Security researchers have created a practical privacy attack out of a well-known theory around user behaviour. The attack appears to defeat privacy measures such as Tor.

The researchers, according to Ars Technica, have successfully created a site that can profile users based on their keystroke patterns. The website reported: “After a training session that typically takes less than 10 minutes, the website—or any other site connected to the website—can then determine with a high degree of certainty when the same individual is conducting subsequent online sessions.”

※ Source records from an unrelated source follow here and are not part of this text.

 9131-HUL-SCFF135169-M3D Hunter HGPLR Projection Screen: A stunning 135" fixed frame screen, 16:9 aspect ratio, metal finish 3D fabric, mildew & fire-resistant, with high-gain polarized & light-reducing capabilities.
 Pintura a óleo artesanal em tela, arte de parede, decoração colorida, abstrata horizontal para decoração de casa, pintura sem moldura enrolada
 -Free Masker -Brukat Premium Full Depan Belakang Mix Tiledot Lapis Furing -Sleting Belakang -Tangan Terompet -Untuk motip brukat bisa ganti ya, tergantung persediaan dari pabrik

The ‘keystroke biometrics’ betray your identity because of the tiny pauses and hesitations unique to each individual that come in between each keystroke. According to GodPraksis, the technique has been around since World War II, when British intelligence operators listening to German morse code operators made profiles of the various people signalling the morse code. The speed of code, typing errors et al were used to differentiate between operators.

However, the use of technology to create ‘keystroke biometrics’ is an ominous step for anyone concerned about privacy, according to researchers.

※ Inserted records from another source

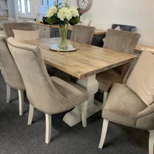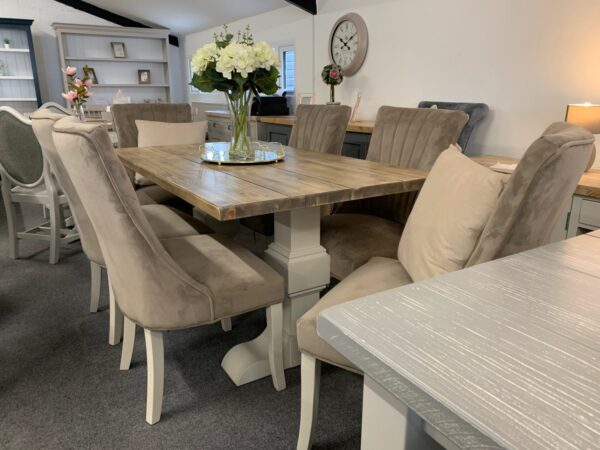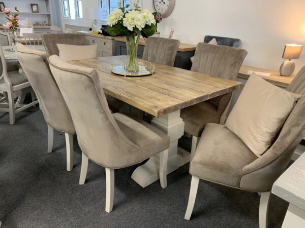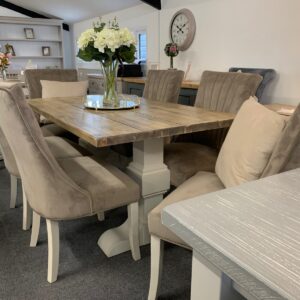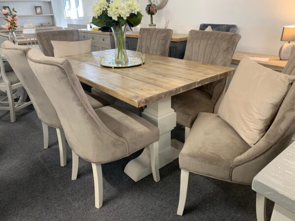 Introducing one of our Beautifully handcrafted bespoke trestle dining sets. We have chosen to finish this gorgeous example in the timeless colour Ammonite which pairs beautifully with our Distressed worktop. This dining set also benefits from having 6 of our comfy mink belvoir fabric chairs which finish this set off perfectly. An optional clear perspex table top protector is also available on request so please contact us directly after ordering should you wish to add this option to your order.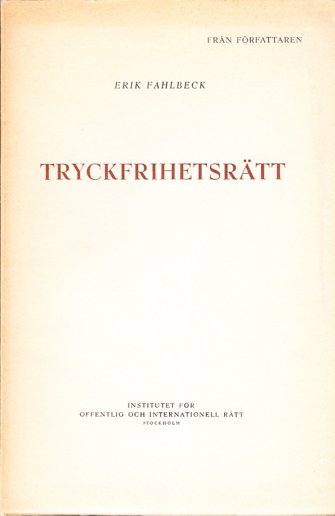 Tryckfrihetsrätt. [Utg. av] Institutet för Offentlig och Internationell Rätt.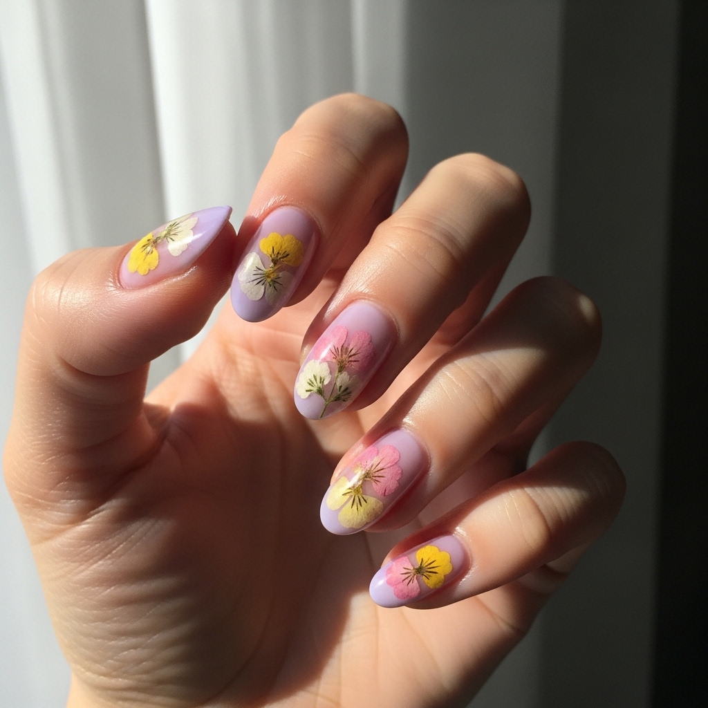 This ethereal design uses a sheer lilac base with embedded pressed flower elements, creating a delicate and almost translucent effect. The nails appear lightweight and artistic, resembling wearable botanical art.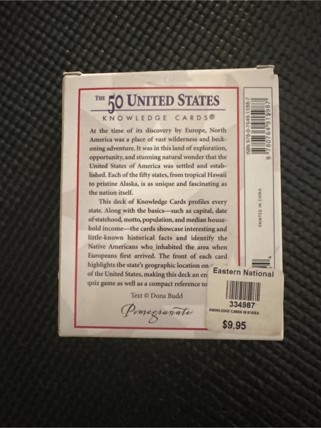 This deck of Knowledge Cards profiles every state. Each of the fifty states, from tropical Hawaii to pristine Alaska, is as unique and fascinating as the nation itself. Each card highlights the state's geographic location on a map of the United States.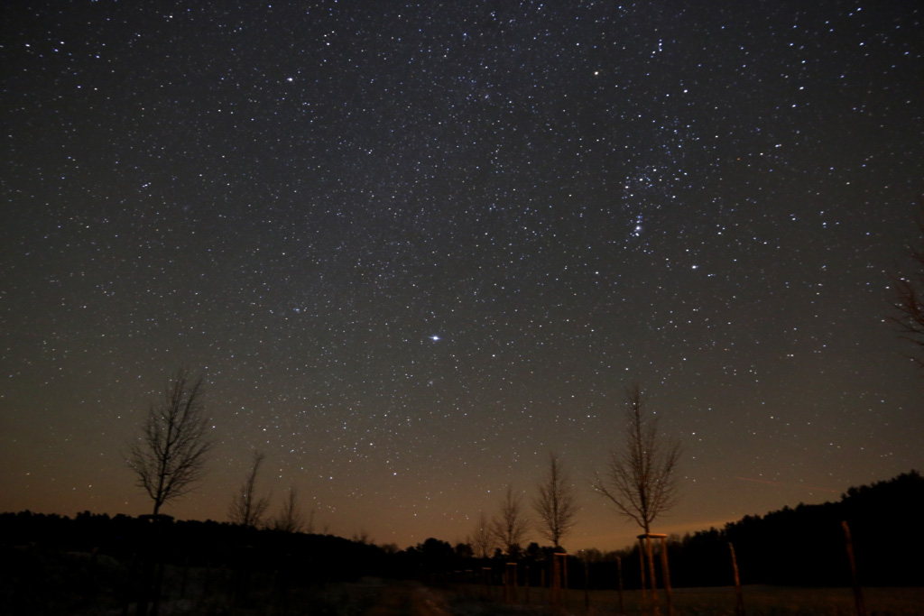 Die Wintermilchstraße zeichnet sich bei bitterkaltem Wetter über den Wäldern der Zauche ab. 2x30sec bei 16mm @ 2000 ISO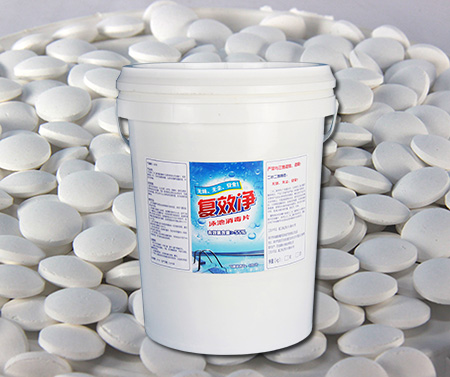 第三:新型的二水二氯異氰尿酸鈉消毒片,品牌名稱為復效凈泳池消毒片,如下圖: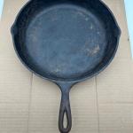 Large vintage cast iron skillet marked “NO. 12 – 13 7/8 IN – MADE IN USA” on… Read More →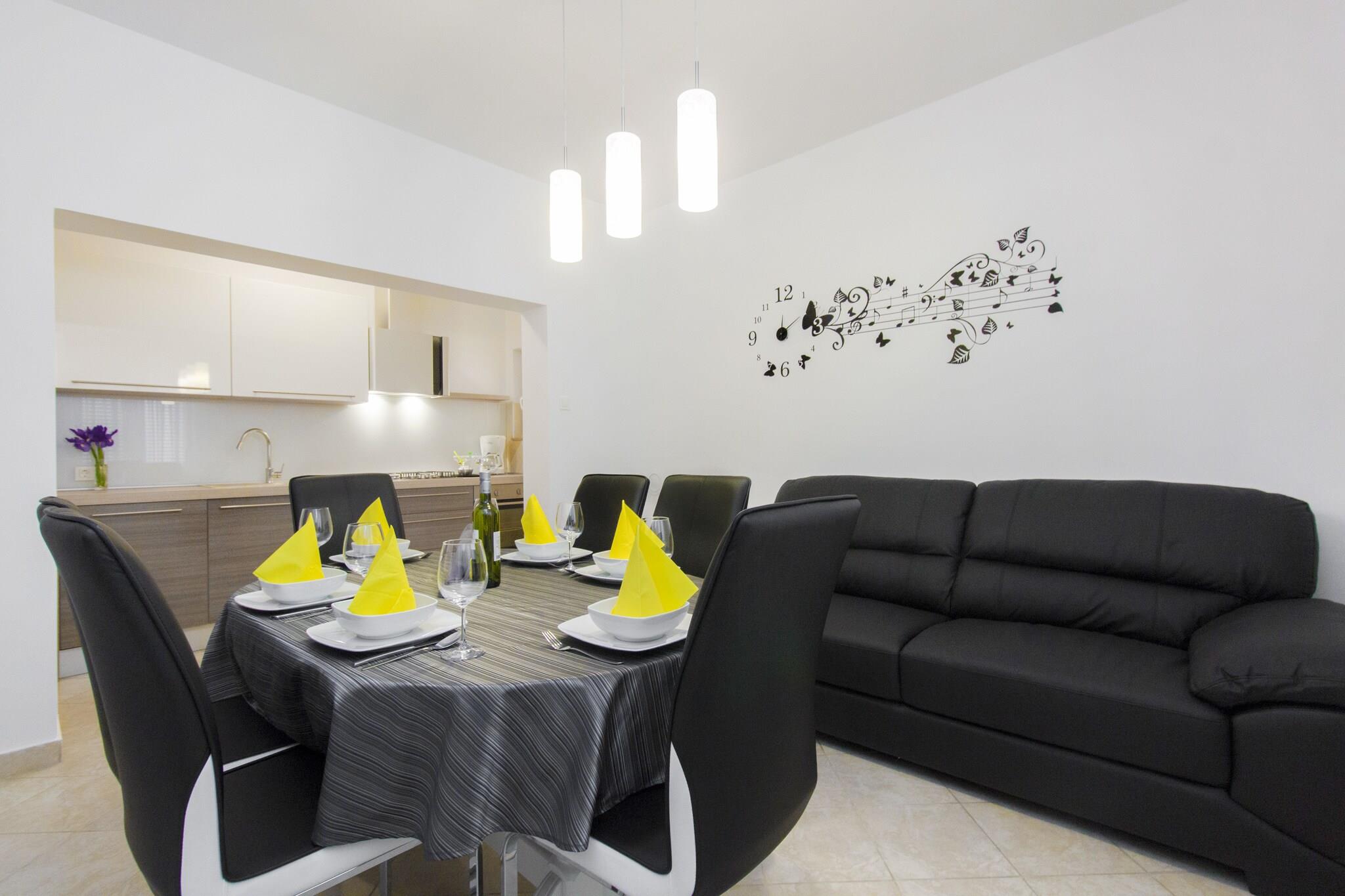 Denne elegante 6-værelses villa ligger mellem Šibenik og Primošten og tilbyder et luksuriøst tilflugtssted for op til 12 gæster. Kun en kort gåtur fra havet og beliggende mellem to strande, er det ideelt for familier eller grupper, der søger sol, komfort og bekvemmelighed. Butikker, restauranter og byens centrum ligger kun 200 m væk, og der er offentlig transport 500 m væk. Villaen har en privat swimmingpool med boblebad, en indhegnet have og en overdækket terrasse med udendørs siddepladser og en grill, perfekt til udendørs spisning. Indenfor sikrer rummelige værelser og moderne bekvemmeligheder et afslappet ophold, mens børn kan nyde legeområdet, og gæsterne kan anmode om cykler til lokal udforskning. Med Split Lufthavn 50 km væk, og nærliggende attraktioner som Krka National Park, Trogir og Split, er denne villa en velindrettet base for at opdage den dalmatiske kyst.

"The risk may seem small when you consider one single website collecting this type of information," Runa Sandvik, an independent security researcher and former Tor developer, told Ars Technica. "The real concern with behavioral profiling is when it is being done by multiple big websites owned by the same company or organization. The risk to anonymity and privacy is that you can profile me and log what I am doing on one page and then compare that to the profile you have built on another page. Suddenly, the IP address I am using to connect to these two sites matters much less."

Two researchers, Per Thorsheim and Paul Moore, were so concerned that they created a Chrome browser plugin to partially defeat the threat. The plugin caches input keystrokes and relays them at a pseudo-random rate designed to confound any attempt to profile them.